Been a long-time enthusiast for Andy Goldsworthy’s work. I
can’t quite recall the sequence but I became aware of him and what he was doing
and then shortly afterwards attended an exhibition, might have been a
retrospective, might have been his first major London show and was astonished
to find that everything on display was blown-up photography. Huge 2.5x2.5m
unframed pictures. Which wasn’t what I thought he was about. But then I
realised that if you are going to make a trail of brightly coloured leaves
floating slowly down a woodland stream, then how else can you explain it to
your audience than by taking a picture of what you just did.

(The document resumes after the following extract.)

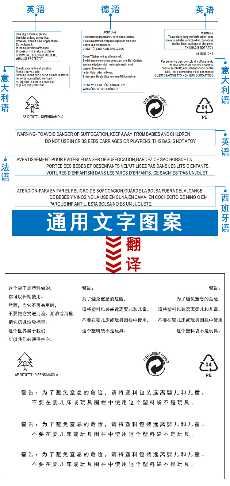 现货警告语cpe磨砂拉链袋跨境电商服装包装袋透明塑料密封自封袋
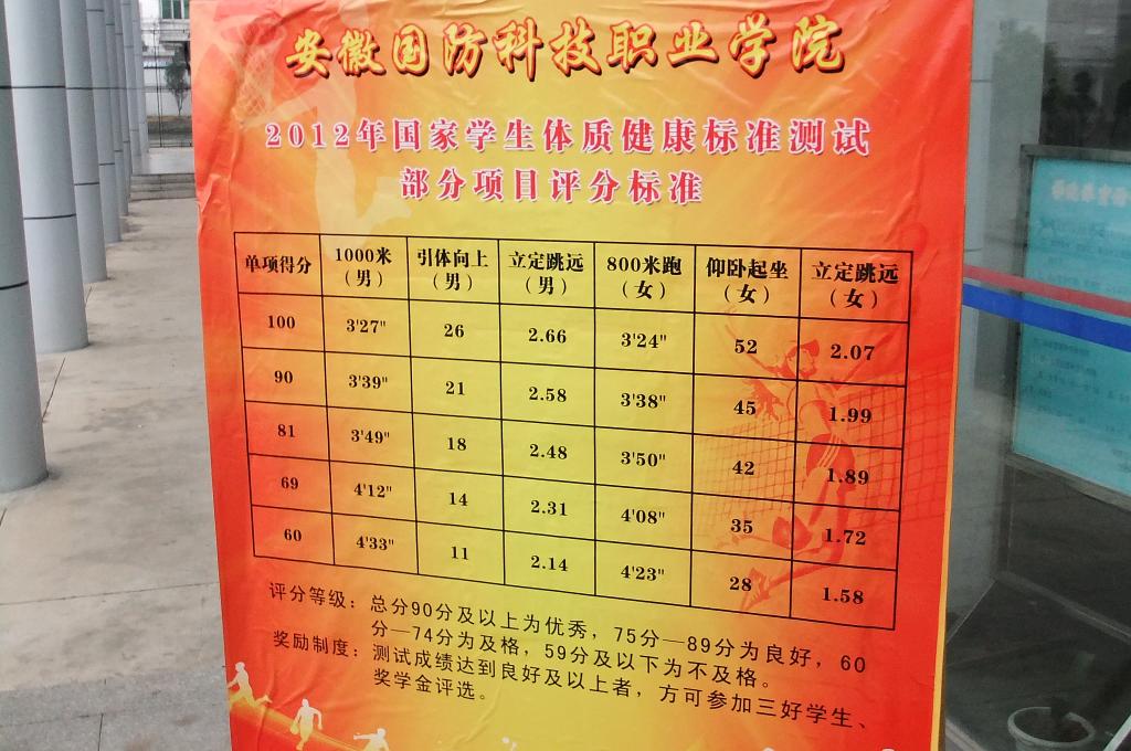 为认真落实安徽省教育厅“关于做好2012年《国家学生体质健康标准》测试数据上报工作的紧急通知” (皖教体函〔2012〕39号)的要求,使学院2012年体测工作顺利进行,学院分管领导召开体测工作专题会议,基础部具体落实体测各项工作。体测工作做到早安排、早通知,做好测试仪器的维修工作并对测试人员进行培训,做好测试工作的安全预案等,体育教师在课堂对此次体测工作进行了广泛宣传并对学生就体测项目进行了针对性的训练。

His work has a kind of spiritual purpose and encompasses
stone walls [see image] like this one in Grizedale Sculpture Park which is
utterly delightful when you see it for real; sticks and pebble arrangements, leaves
scattered or woven in some kind of pattern seem to be his most favoured form of
expression. He is well worth investigating. There is one of his pieces over in
Gateshead amongst some prickly bushes next to the Hilton Hotel car park that
no-one no-one knows about. It is from
his series of egg-shaped twig structures; it must be worth a fortune but it is
not fenced-off or surrounded by opaque security glass, it just sits there
waiting to be found.
Many of his pieces only last a few hours but that doesn’t invalidate
them in any way, in fact that gossamer-winged aspect to much of his work is
probably the thing I love the most about it.